Some of these include securing the communications between LDAP clients and AD controllers by enforcing LDAP server signing and also enabling Extended Protection for Authentication (EPA). The Microsoft 365 Defender Research team has also detailed how these attacks work to make system admins learn better.
Mitigating Against KrbRelayUp Attacks
Right after discovering the KrbRelayUp flaw, a security researcher named Mor Davidovich has released a free tool to dig through the vulnerable systems – just making it easy for threat actors to exploit target systems. Davidovich’s tool will let attackers gain SYSTEM privileges on Windows systems with default configurations, which works on not just KrbRelay exploit, but other privilege escalation tools like the SCMUACBypass, PowerMad/SharpMad, Whisker, and ADCSPwn. He later updated the tool to include a system that hasn’t enforced the LDAP signing.

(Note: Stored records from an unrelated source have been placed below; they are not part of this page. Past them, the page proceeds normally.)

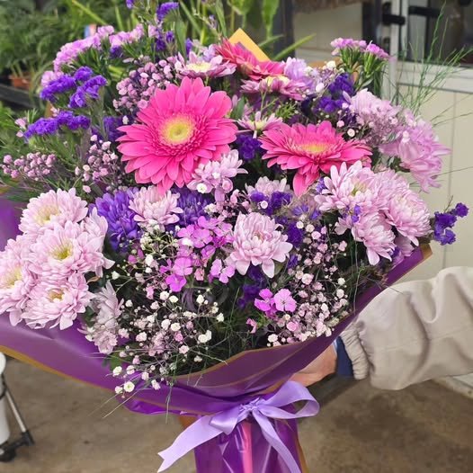 Canlı pembe gerberalar, lila krizantemler ve mor dolgu çiçekleriyle hazırlanan zarif bir buket tasarımı. Renklerin uyumu sayesinde hem romantik hem de enerjik bir görünüm sunar. Cipso ve doğal yeşillik detaylarıyla zenginleştirilen aranjman, özel günlerde sevdiklerinize şık ve anlamlı bir hediye alternatifi oluşturur. Mor ambalaj ve kurdele detayıyla estetik bir sunum sağlar ve bulunduğu ortama tazelik katar.
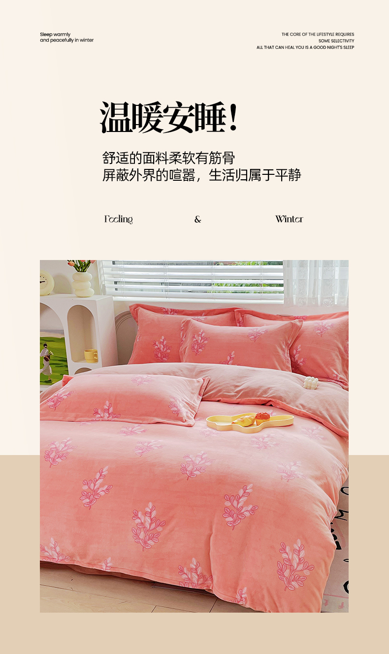 • 91家纺网 家纺一手货源 找家纺 锦罗绣 2024新款A类高克重牛奶绒印花单被套 铃兰花粉
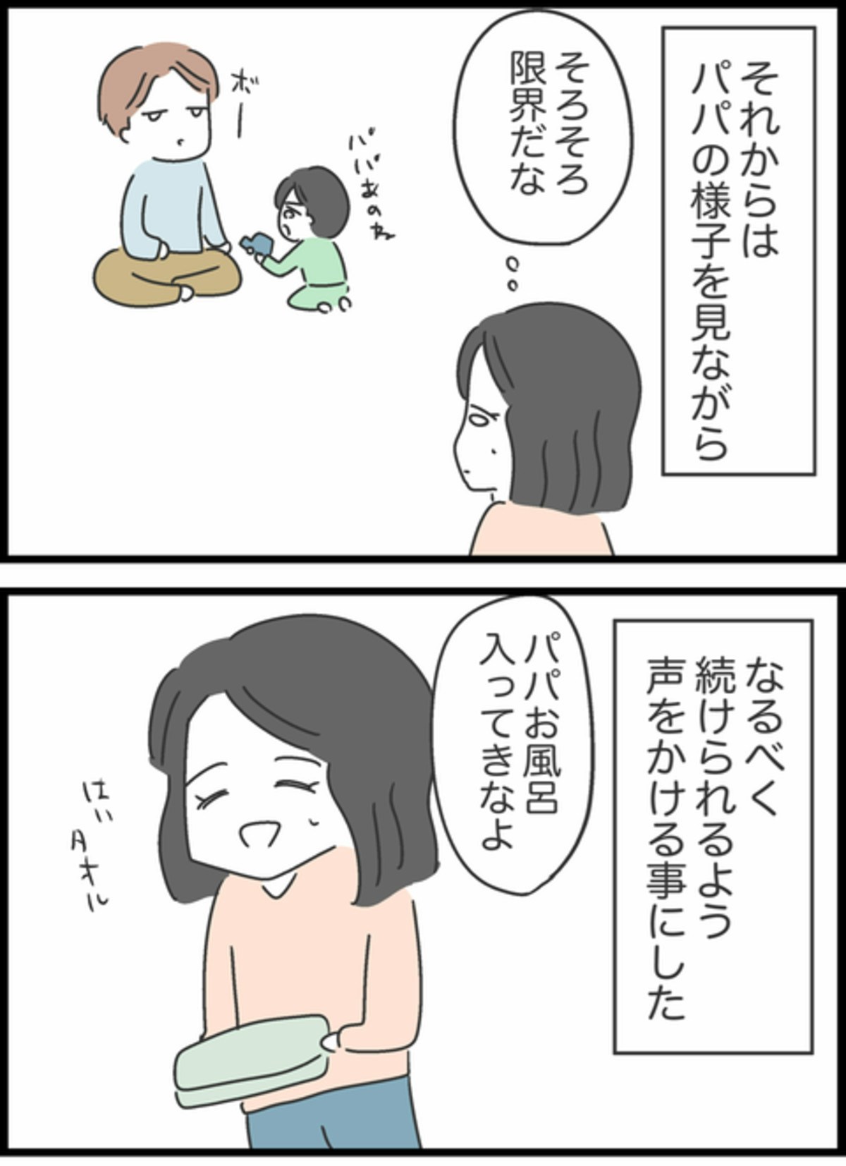家事や子育てを手伝うようになったしょうたに喜んでいたのもつかの間、不機嫌な様子を出してくるようになったため、ようこは疲れを感じていて…。
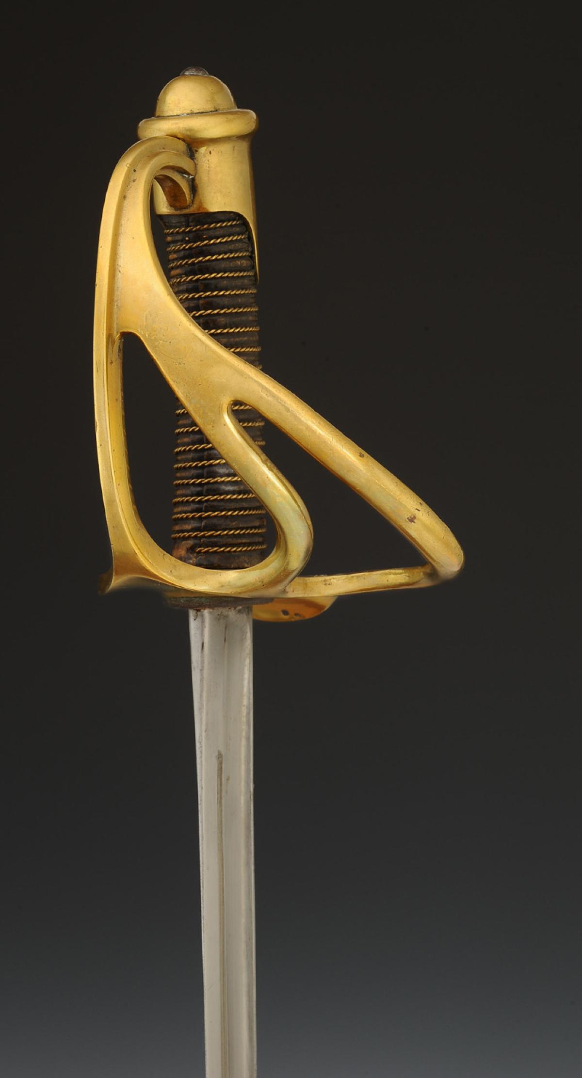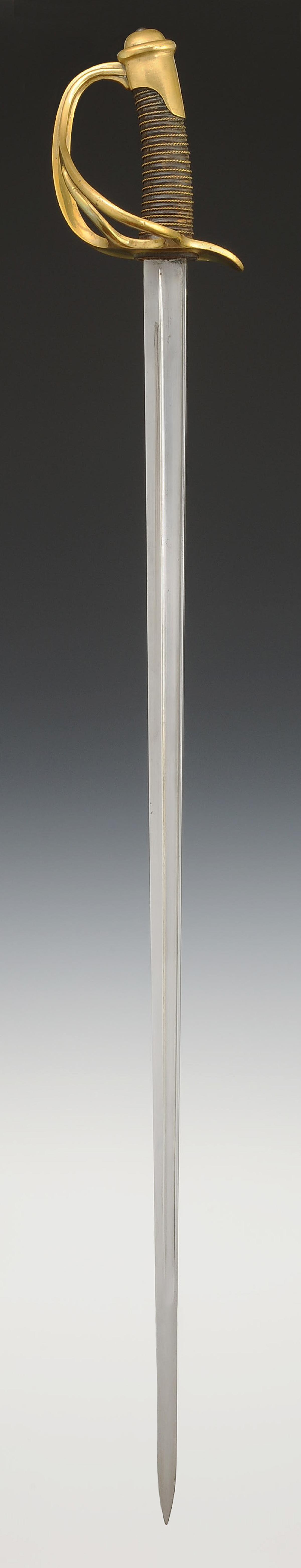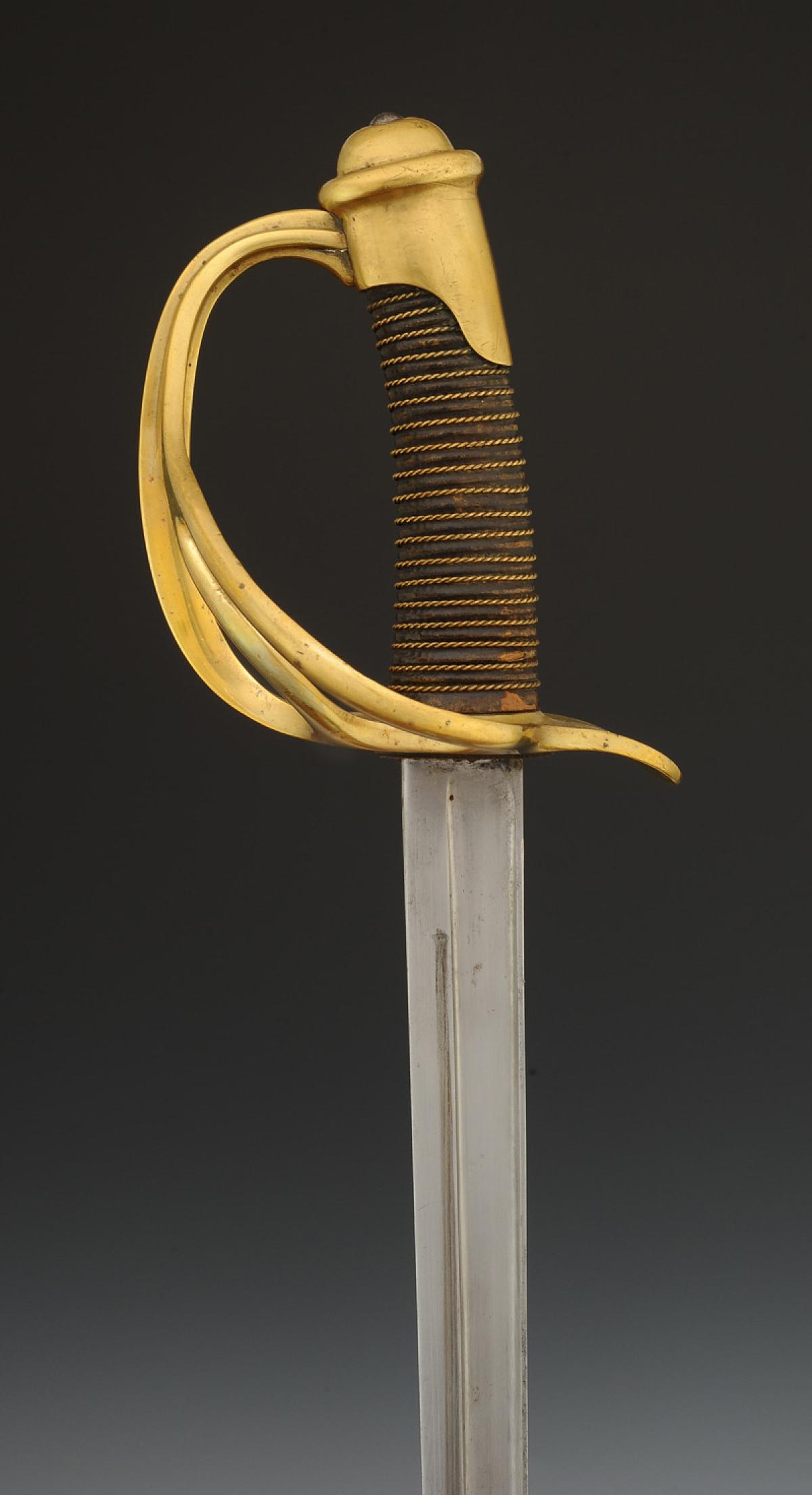 Monture en laiton. Garde à trois branches avec poinçon sur la branche principale et matricule « 41604 ». Calotte à courte queue. Poignée en bois gainé de veau ciré noir, filigrane laiton. Lame droite à pans creux, longueur 87 cm, gravée au dos « Mre d'Armes de Châtt mai 1885 = cavrie légère mle 1882 ». Cravate en buffle naturel. Fourreau en acier à un bracelet de bélière.
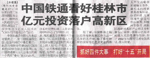 在此項目合作中,桂林市政府借助鐵通在電信市場上的綜合服務優(yōu)勢及佳訊飛鴻公司豐富的CALL CENTER系統(tǒng)集成經(jīng)驗,以高起點、大規(guī)劃的指導思想,建立以綜合信息服務、電子政務、企業(yè)客戶服務、旅游服務、電子教育服務和電子商務服務為核心的城市信息化交互平臺。根據(jù)該協(xié)議,鐵通網(wǎng)絡公司將投資1億元人民幣分階段建設桂林城市信息化標志性工程CRIS,一期投資建設100個座席。建成后的CRIS系統(tǒng)平臺,幫助桂林市對現(xiàn)有的各信息網(wǎng)數(shù)據(jù)加以全面整合、優(yōu)化,真正實現(xiàn)“多網(wǎng)合一”和信息的智能化、人性化。為旅游業(yè)、信息產(chǎn)業(yè)、高新產(chǎn)業(yè)、會展經(jīng)濟、招商引資和政府信息化等各個方面,提供最佳的、全方位的、高品質(zhì)的綜合信息服務,全面帶動桂林市的經(jīng)濟發(fā)展。

Though Microsoft said this tool doesn’t work for organizations with cloud-based Azure Active Directory environments, attackers compromising the Azure virtual machines in hybrid AD environments can be exploited. Thus, Microsoft has now come up with mitigation guidelines, asking the system admins to secure communications between LDAP clients and Active Directory (AD) domain controllers – by enforcing LDAP server signing and enabling Extended Protection for Authentication (EPA). It’s advised to check the detailed explanation provided by Microsoft 365 Defender Research Team, on how the KrbRelayUp attack works and how to safeguard against it.